Removal of jury trial was opposed on the ground that mere expediency (in cases of fraud) should never justify its removal, and that judge-alone acquittals of major City figures may be cause "grave public disquiet". Jury-tampering could be protected against by better protection for jurors - there was also the danger that judges would have heard secret evidence about intimidation or threats and then go on to try the defendant alone, which was again highly unsatisfactory. Re-trials for serious offences was opposed as a breach of a fundamental right, the Bar Council quoting Mr Justice Black of the United States Supreme Court in Green v United States:
"The underlying idea ... deeply ingrained in at least the Anglo-Saxon system of jurisprudence, is that the State with all its resources and power should not be allowed to make repeated attempts to convict an individual for an alleged offence, thereby compelling him to embarrassment, expense and ordeal and compelling him to live in a continuing state of anxiety and insecurity as well as enhancing the possibility that even though innocent he may be found guilty"In the event the measures came into law, though with strict qualifications. The measures to expand admissible bad character evidence were also opposed on the grounds of unfairness (the defendant's past bad character can more easily be adduced than a witness's) and dangerous irrelevance. The measures reforming hearsay, which were more closely modelled on the Law Commission's report than the other reforms, attracted less adverse attention, though the Bar Council disputed some of its aspects.

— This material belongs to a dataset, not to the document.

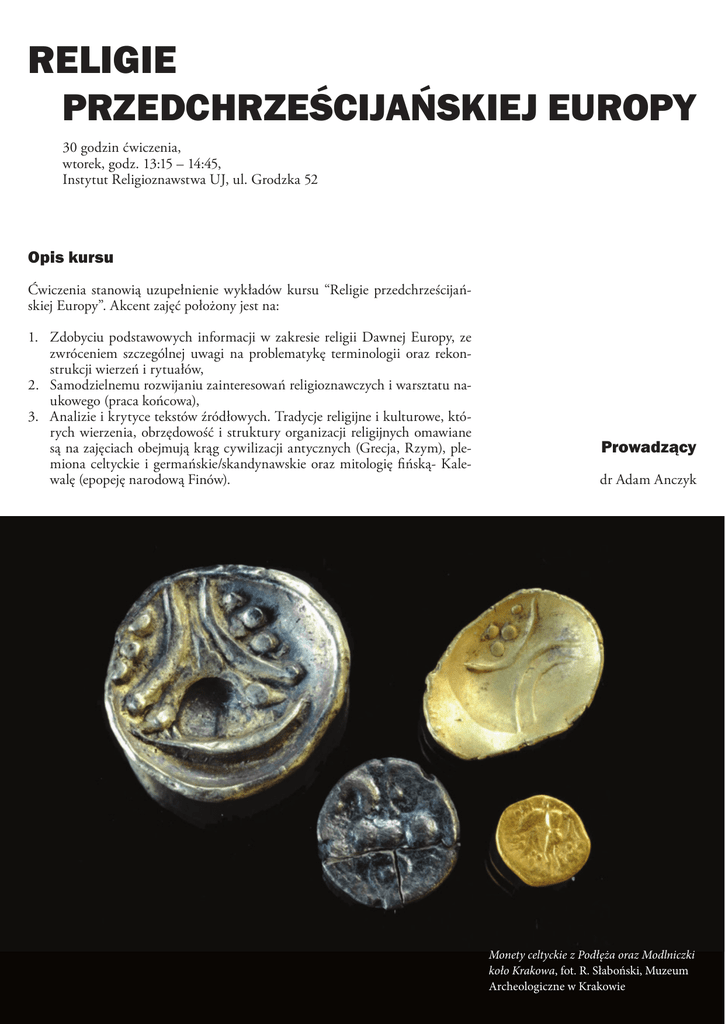 RELIGIE PRZEDCHRZEŚCIJAŃSKIEJ EUROPY 30 godzin ćwiczenia, wtorek, godz. 13:15 – 14:45, Instytut Religioznawstwa UJ, ul. Grodzka 52 Opis kursu Ćwiczenia stanowią uzupełnienie wykładów kursu “Religie przedchrześcijańskiej Europy”. Akcent zajęć położony jest na: 1. Zdobyciu podstawowych informacji w zakresie religii Dawnej Europy, ze zwróceniem szczególnej uwagi na problematykę terminologii oraz rekonstrukcji wierzeń i rytuałów, 2. Samodzielnemu rozwijaniu zainteresowań religioznawczych i warsztatu naukowego (praca końcowa), 3. Analizie i krytyce tekstów źródłowych. Tradycje religijne i kulturowe, których wierzenia, obrzędowość i struktury organizacji religijnych omawiane są na zajęciach obejmują krąg cywilizacji antycznych (Grecja, Rzym), plemiona celtyckie i germańskie/skandynawskie oraz mitologię fińską- Kalewalę (epopeję narodową Finów). Prowadzący dr Adam Anczyk Monety celtyckie z Podłęża oraz Modlniczki koło Krakowa, fot. R. Słaboński, Muzeum Archeologiczne w Krakowie Sprawy organizacyjne 1. Kryteria zaliczenia kursu. 1. Obecność i praca na zajęciach: 20 pkt.* 2. Zadanie „teksty źródłowe”: 20 pkt. 3. Praca końcowa lub Quiz: 60 pkt.** 2. Punktacja. Punkty zdobyte w trakcie kursu przeliczane są na oceny wg wzoru: 90 – 100 pkt. = 5.0 79 – 89 pkt. = 4.5 68 – 78 pkt. = 4.0 57 – 67 pkt. = 3.5 56 – 51 pkt. = 3.0 3. Zadanie „teksty źródłowe” – 20 pkt. Każdy uczestnik kursu wybiera 2 teksty źródłowe spośród podanych w spisie*** i dokonuje ich lektury ze zwróceniem szczególnej uwagi na wątki religioznawcze. Należy oddać pisemne podsumowanie lektury w formacie: 1. Okoliczności powstania, historia tekstu, ewentualnie informacje o autorze. 2. Uwagi do wybranych wątków religioznawczych (z cytacjami). Zadanie można oddawać systematycznie w trakcie semestru. 4. Praca końcowa – 60 pkt. Esej naukowy bądź praca empiryczna, ok. 20 - 40 tys. znaków (łącznie ze spacjami, przypisami i bibliografią), na wybrany temat, związany z problematyką kursu. Termin oddania – ostatnie zajęcia w semestrze (wersja drukowana). * Brak nieobecności lub 1 nieobecność = 10 pkt., 2 nieobecności = 5 pkt.; aktywność na zajęciach = 10 pkt. ** Formę zaliczenia każdy uczestnik/uczestniczka kursu wybiera in- dywidualnie (deklaracja do zajęć nr 5). Uwaga: osoby mające 3 lub więcej nieobecności, lub studiujące w trybie indywidualnym, zobowiązane są zarówno do napisania pracy końcowej jak też do zaliczenia quizu mitologicznego. *** Lista lektur do zadania „teksty źródłowe”: 1.Hezjod, Teogonia 2.Homer, Odyseja 3.Cyceron, O naturze bogów 4.Cyceron, O wróżbiarstwie 5. Snorri Sturluson, Edda prozaiczna 6. Edda poetycka 7. Pieśń o Nibelungach (przeł. R. Stiller, L. German, A. Lam etc.) 8. Mabinogion: cztery gałęzie 9. Mabinogion: pięć opowieści walijskich 10. Mabinogion: romanse arturiańskie 11. Táin czyli uprowadzenie stad z Cuailnge 12. Beowulf (tł. R. Stiller lub inne) 13. Saga o Njalu (tł. A. Załuska-Stromberg) 14. Saga o Völsungach 5. Quiz. Quiz mitologiczny obejmuje zakres lektur podstawowych podanych w sylabusie. Program kursu 1. Zajęcia wprowadzające: pojęcie „pogaństwa” i jego recepcja. M. Augé, Duch pogaństwa, Warszawa 2010, s. 49-89. 2. Wierzenia starożytnej Grecji w zarysie. L. B. Zaidman, Grecy i ich Bogowie, Warszawa 2008. 3. Klasyczna religia rzymska. A. Gillmeister, D. Musiał, W cieniu Kapitolu. Religia starożytnych Rzymian, Kraków 2012, s. 13-103. K. Banek, Religie Wschodu i Zachodu: wybór tekstów, rozdział Rzym (s. 184-193). Rome (2005-2007), HBO. Zadanie – praca w grupach. Grupy opracowują poszczególne wątki w lekturze: - życie rodzinne i religia domowa (s. 13-42), - święta wiejskie i uroczystości miejskie (s. 43-70), - pytania do bogów (s. 71-98), - po śmierci (s.117-140), - jak czcić bogów (s. 175-195). 4. Kulty misteryjne? W. Burkert, Starożytne kulty misteryjne, Bydgoszcz 2001, s. 33112. 5. Zmierzch pogaństwa i dialog międzyreligijny w starożytności. Lektura: P. Chuvin, Ostatni poganie, Warszawa 2008, s.72-175. 6. Zwyczaje religijne Słowian: źródła i problematyka rekonstrukcji. A. Gieysztor, Mitologia Słowian, Warszawa 1980 (lub nowsze wydania), s.44-137 - mitologia, s.59-186 - obrzędowość. A. Szyjewski, Religie Słowian, Kraków 2003, s. 5-25. 7. Tak blisko czy tak daleko? Mitologia bałtyjska. Zadanie. W lekturze wyszukać informacje na temat głównych bóstw i najważniejszych mitów np. mit o Saule. P. Suchocki, Mitologia bałtyjska, Warszawa 1991. 8. Religie starożytnych Celtów. A. Bartnik, Zarys wierzeń z plemion celtyckich, Kraków 2013, s. 81-159, s. 208-259, odpowiednie rozdziały. M. Green, The Gods of the Celts, London 1993, s. 39-199, lektura uzupełniająca. Zadanie – praca w grupach. Grupy opracowują poszczególne wątki mitologiczne: - kult Słońca i niebios, - płodność i boginie-matki, - wojna, śmierć i zaświaty, - bóstwa akwatyczne i uzdrawianie, - zwierzęta w religiach Celtów. 9. Druidzi. A. Anczyk, Druidzi i ofiary z ludzi- krótka historia mitu, „Przegląd religioznawczy”, 2012, 3 (245), s. 21-32. A. Anczyk, The Golden Sickle: An Introduction to Contemporary Druidry, Katowice 2014, s. 27-72. 10. Panteon bóstw skandynawskich. A. Szrejter, Mitologia germańska. Opowieści o bogach mroźnej Północy, Gdańsk 2006, s. 51-184. 11. Mitologia fińska. Kalewala, tł. J. Litwiniuk, Warszawa 1998 (znajomość fabuły). O. Vorren, E. Manker, Lapończycy, Warszawa 1980, rozdziały dotyczące religii. 12. Zajęcia terenowe – Muzeum Archeologiczne, Muzeum im. Czartoryskich.**** 13. Neopogaństwo. M. Strutyński, Neopogaństwo, Kraków 2014, s. 15-94. 14. Quiz mitologiczny. **** Strony www: http://www.ma.krakow.pl/ http://www.muzeum-czartoryskich.krakow.pl/

The maximum period a suspected terrorist could be detained without charge was increased from 7 to 14 days. (This was later increased to 28 days by the Terrorism Act 2006.)
The act has also been criticised by the Tories for its lenient sentencing rules, and handling of parole. Further fueling the controversy, is the revelation that 53 prisoners, who had been sentenced to life imprisonment under the Crime (Sentences) Act 1997, have been freed on parole since 2000.
Denise Bulger, whose three-year-old son James was murdered by two 11-year-old boys in February 1993, criticised the legislation as not going far enough. She protested that whole life sentences should apply to children who kill as well.
In March 2006 Lord Justice Rose, sitting in the Court of Appeal, said:
"Time and again during the last 14 months, this Court has striven to give sensible practical effect to provisions of the Criminal Justice Act 2003, a considerable number of which are, at best, obscure and, at worst, impenetrable.
In December 2005, sitting in the High Court, he said:
"So, yet again, the courts are faced with a sample of the deeply confusing provisions of the Criminal Justice Act 2003, and the satellite statutory instruments to which it is giving stuttering birth. The most inviting course for this Court to follow, would be for its members, having shaken their heads in despair, to hold up their hands and say: "the Holy Grail of rational interpretation is impossible to find". But it is not for us to desert our judicial duty, however lamentably others have legislated. But, we find little comfort or assistance in the historic canons of construction for determining the will of Parliament which were fashioned in a more leisurely age and at a time when elegance and clarity of thought and language were to be found in legislation as a matter of course rather than exception.